Dewasa ini, pendidikan terkonstruk secara formal dengan bernaung di bawah rezim perundang-undangan. Sudah sewajarnya, pemerintah berupaya keras untuk memberikan gagasan dengan tujuan terbentuknya sistem pendidikan yang berkeadaban, yang mampu menghantarkan anak didik kepada pintu kebijaksanaan secara menyeluruh.

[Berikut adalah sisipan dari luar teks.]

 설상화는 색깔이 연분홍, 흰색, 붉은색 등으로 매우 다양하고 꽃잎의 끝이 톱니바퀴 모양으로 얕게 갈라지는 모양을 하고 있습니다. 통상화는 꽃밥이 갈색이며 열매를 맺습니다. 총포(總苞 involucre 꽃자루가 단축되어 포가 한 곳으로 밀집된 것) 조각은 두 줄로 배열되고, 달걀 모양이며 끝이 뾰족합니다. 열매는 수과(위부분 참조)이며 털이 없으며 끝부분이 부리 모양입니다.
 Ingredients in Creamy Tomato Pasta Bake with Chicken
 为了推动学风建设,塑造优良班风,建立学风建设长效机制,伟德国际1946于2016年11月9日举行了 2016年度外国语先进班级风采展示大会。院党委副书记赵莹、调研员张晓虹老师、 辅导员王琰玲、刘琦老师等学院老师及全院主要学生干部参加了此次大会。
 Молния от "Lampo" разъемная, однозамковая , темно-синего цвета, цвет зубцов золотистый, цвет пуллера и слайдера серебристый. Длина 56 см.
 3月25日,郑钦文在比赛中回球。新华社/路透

Akan tetapi, gagasan ini tidak benar-benar mampu dicerap oleh anak didik dalam skala besar. Hal itu terindikasi dari perilaku anak didik yang tidak benar-benar mampu mengimplementasikan nilai-nilai pendidikannya di ranah sosial. Untuk itu, dalam pembelajaran, internalisasi pengetahuan tidak cukup tanpa dibarengi internalisasi moral kedalam diri anak didik.
Definisi Ta’dib
Secara etimologis, ta’dib berasal dari bahasa Arab, yaitu أدب yang berarti berkeadaban. Sedangkan, termiologi ta’dib menurut Nuqaib al-Attas adalah proses pendidikan yang mengoptimalkan potensi jasmani, intelektual, dan ruhani dalam proses penanaman adab.

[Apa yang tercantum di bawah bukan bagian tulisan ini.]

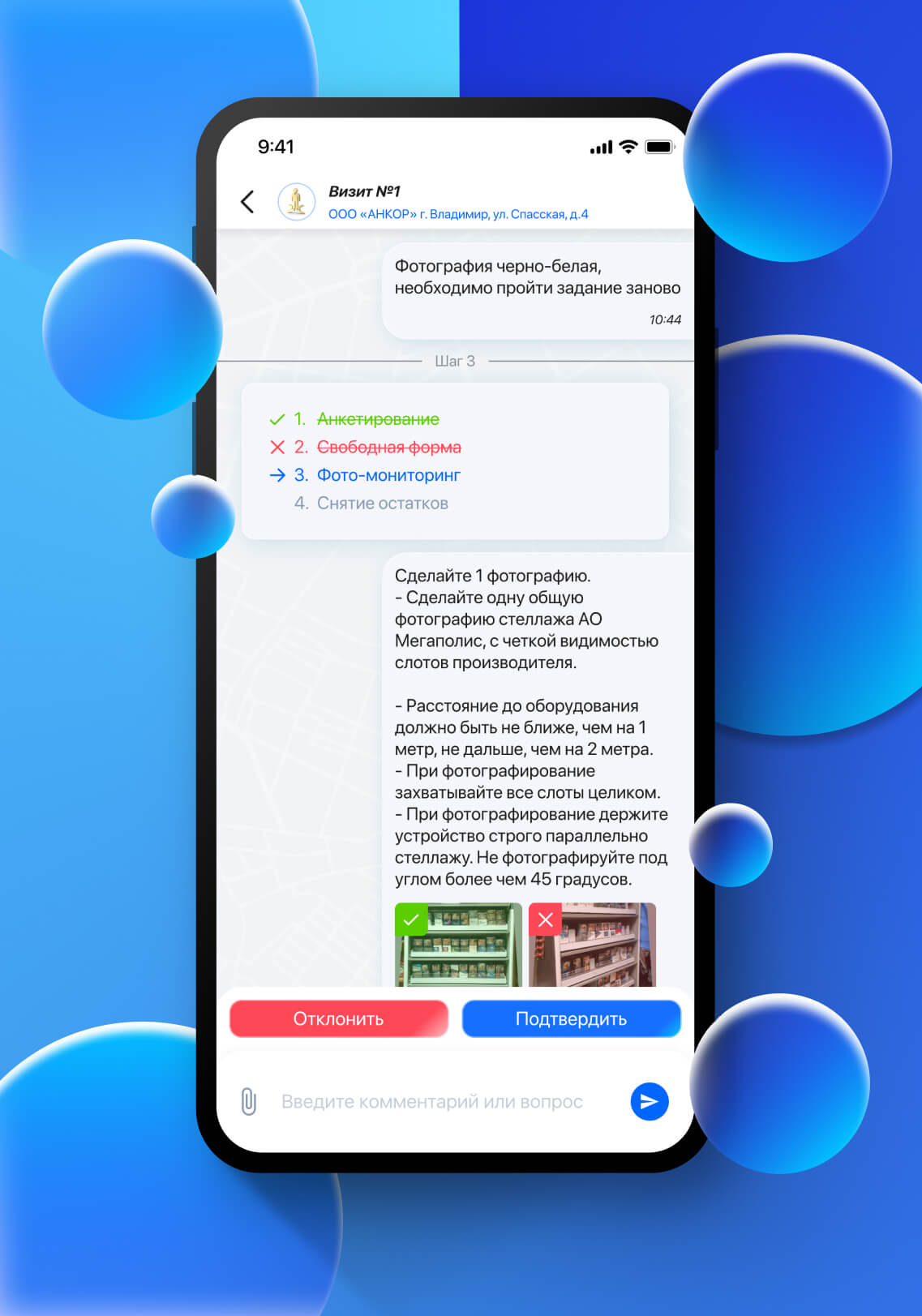 Для оптимизации штата торговых агентов нами был разработан комплексный модуль, сочетающий делегирование части задач торгового агента на сотрудников торговых точек и искусственный интеллект. Для этого нами была разработана инновационная биржа заданий на основе AI, позволяющая ставить задания напрямую работникам магазинов, а также обучена нейросеть для распознавания на фото представленных в портфеле ГК «Мегаполис» SKU, их расположения и количества. В совокупности это позволило в 3 раза оптимизировать работу штатных сотрудников клиента, а также значительно снизить издержки на мерчендайзинг и снятие остатков.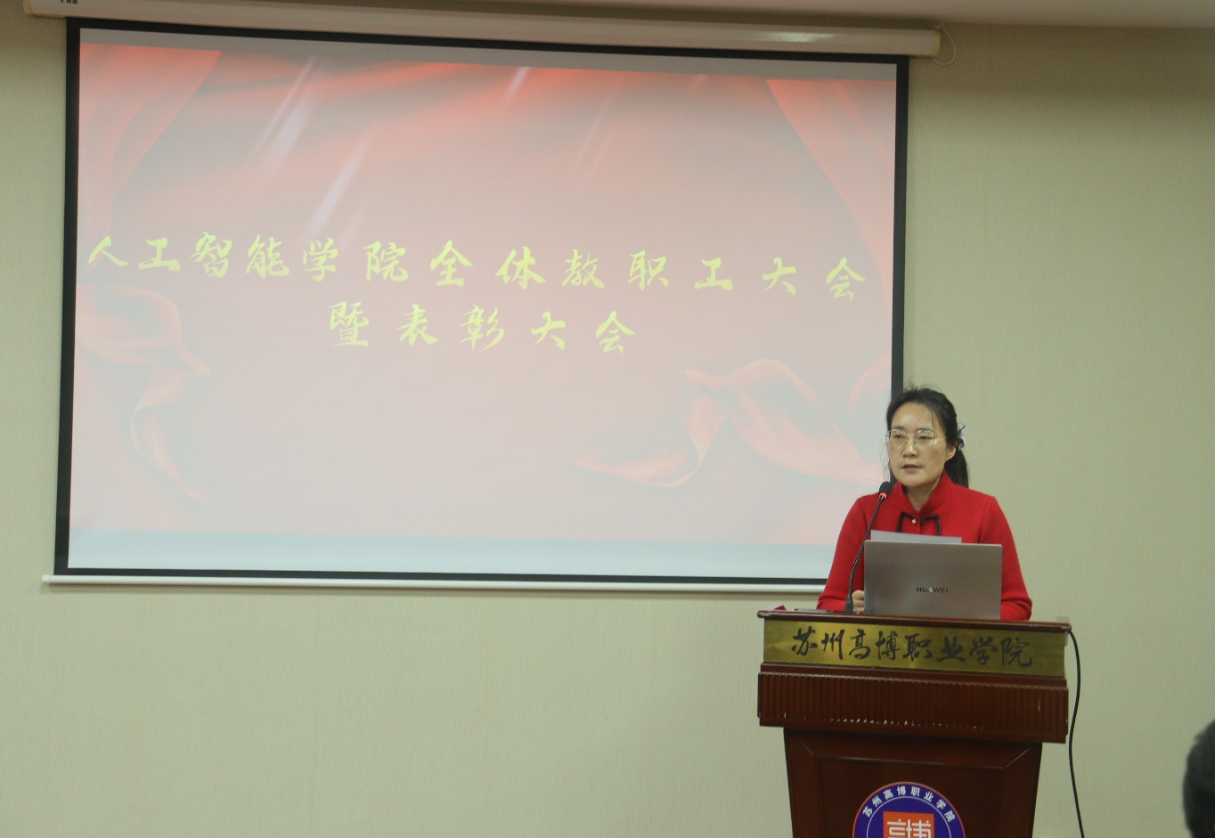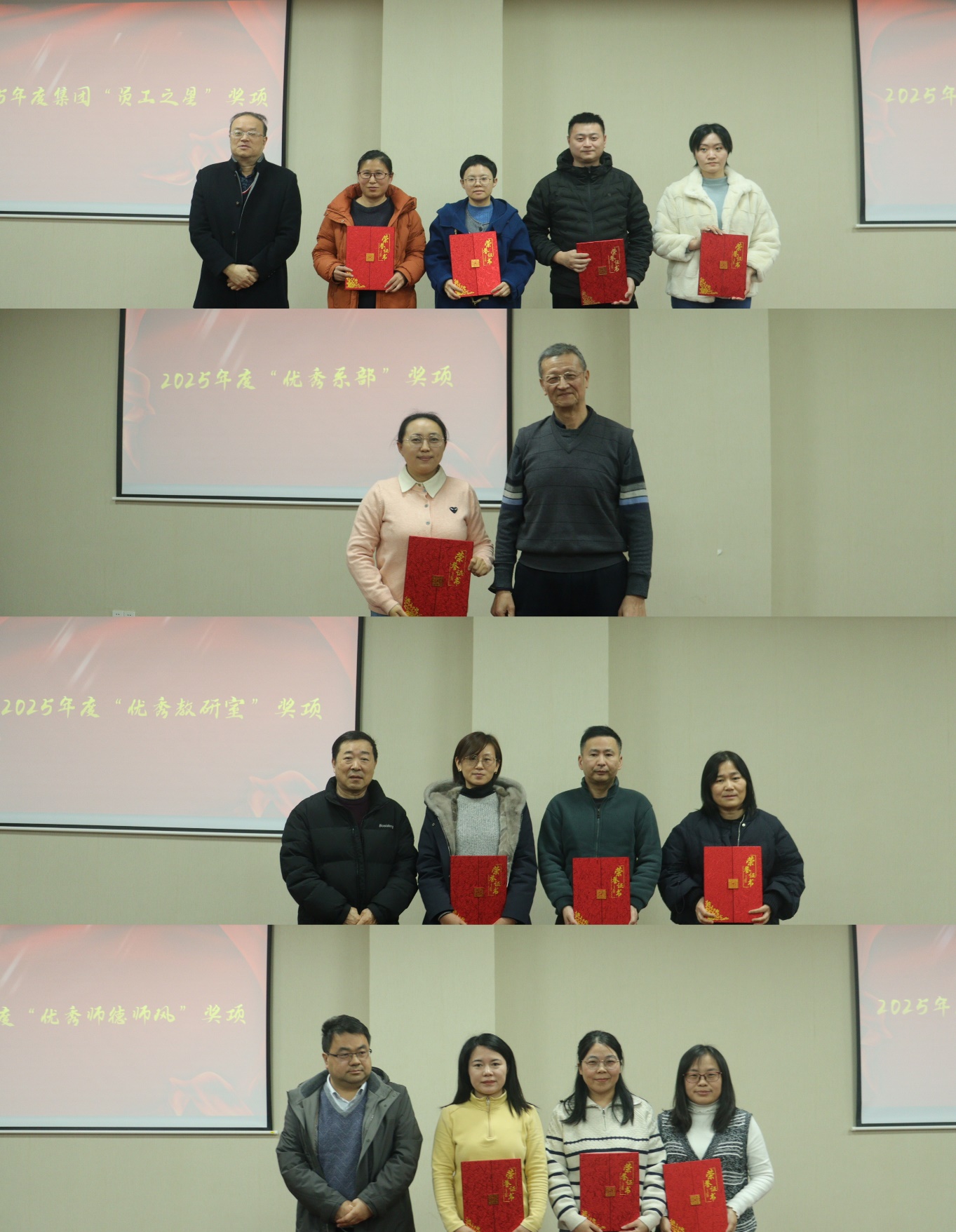 随后进入表彰环节,大会对2025年度表现突出的集体与个人进行隆重表彰。学校副校长、学院党总支书记周肖兴为集团“员工之星”黄冬丽、徐怡、赵志敏、马介莉颁奖;院长孙涌为优秀系部(人工智能系)代表秦晓燕颁奖;副院长张书奎为优秀教研室代表陶晓青(实训教研室)、瞿梦菊(软件技术教研室)、李梅(计算机网络技术教研室)颁奖;副院长、副书记郑兰松为师德师风优秀个人王莹莹、王咏梅、李嫚嫚颁奖。全体参会人员以热烈掌声向获奖集体和个人表示祝贺,致敬他们在各自岗位上的辛勤付出与卓越贡献。

Dengan demikian, ta’dib merupakan upaya pendidikan yang jauh lebih kompleks, karena selain menyematkan pengetahuan secara umum, juga menyemaikan pendidikan karakter bernuansa Islami. (Achmad Yusuf, Pesantren Multikultural, 6).
Ta’dib bertendensi kepada pendidikan moral. Sedangkan, moralitas itu sendiri merupakan ciri khas manusia yang tidak dapat ditemukan pada makhluk lainnya. Secara signifikan, ta’dib membedakan antara pendidikan Islam dan Barat.

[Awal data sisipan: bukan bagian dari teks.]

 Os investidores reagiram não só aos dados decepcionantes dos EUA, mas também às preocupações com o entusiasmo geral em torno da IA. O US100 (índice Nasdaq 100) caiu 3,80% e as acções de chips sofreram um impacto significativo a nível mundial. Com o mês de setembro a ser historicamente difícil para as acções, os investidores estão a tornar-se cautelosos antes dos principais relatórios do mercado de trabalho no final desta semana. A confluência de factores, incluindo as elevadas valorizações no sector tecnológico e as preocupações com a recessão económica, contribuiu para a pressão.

Sejatinya, konsep pendidikan dalam Islam jauh lebih kompleks disanding dengan Barat. Selain sekadar transmisi ilmu, domain pendidikan Islam juga menyangkut nilai karakter individu (Syaiful Sagala, Etika dan Moralitas Pendidikan, 1).
Kontruksi Moral Era Kontemporer
Moral terbentuk dari tindakan-tindakan kolektif yang disepakati secara komunal dalam suatu wilayah. Terbentuknya moral itu sendiri untuk mewujudkan harkat dan martabat manusia dengan sarana implementasi nilai-nilai dan norma yang berlaku. Hal itu juga untuk merealisasikan stabilitas dan keharmonisan dalam kehidupan bermasyarakat. Dalam term Islam, moral diistilahkan dengan akhlaq. (Harbani Pasolong, Etika Profesi, 45).
Moral patut diimplementasikan di segala sudut kehidupan, tidak terbatas ruang dan waktu. Sebab hal itulah yang secara spesifik membedakan antara manusia dengan makhluk lain.